In cinema, she made an appearance in Ram Gopal Varma’s Rakta Charitra (2010), where she played Radhika Apte’s mother. In 2016, she starred in the family drama Ventilator, directed by Rajesh Mapuskar and produced by Priyanka Chopra. Her portrayal of a spiritually inclined sister with a deep emotional bond to her ailing father was praised by both critics and audiences. Critic Gulshankumar Wankar of Hindustan Times wrote, “Kulkarni Mone and Jitendra Joshi play their characters of Gaju Kaka’s children to perfection.” The film was a critical and commercial success, grossing over ₹25 crore worldwide, and earned her a Filmfare Award nomination for Best Supporting Actress.
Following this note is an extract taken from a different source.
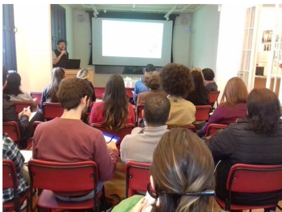
Imagem 13. Curso Cartografando Mário de Andrade: nas fronteiras entre literatura e cidade .

Kulkarni’s biggest commercial success to date came with Baipan Bhari Deva (2023), directed by Kedar Shinde and co-starring Rohini Hattangadi, Vandana Gupte, Shilpa Navalkar, Suchitra Bandekar, and Deepa Parab. The film, exploring the emotional complexities and shared bond of six sisters, became a cultural blockbuster and grossed over ₹92 crore worldwide, making it the second-highest-grossing Marathi film of all time. Her performance was hailed by critics, with Maharashtra Times reviewer Kalpeshraj Kubal praising her "incredible energy" on screen. She received several award nominations, including Filmfare, Maharashtra State Film Award and Maharashtracha Favourite Kon?, and won the Zee Chitra Gaurav Puraskar for Best Actress.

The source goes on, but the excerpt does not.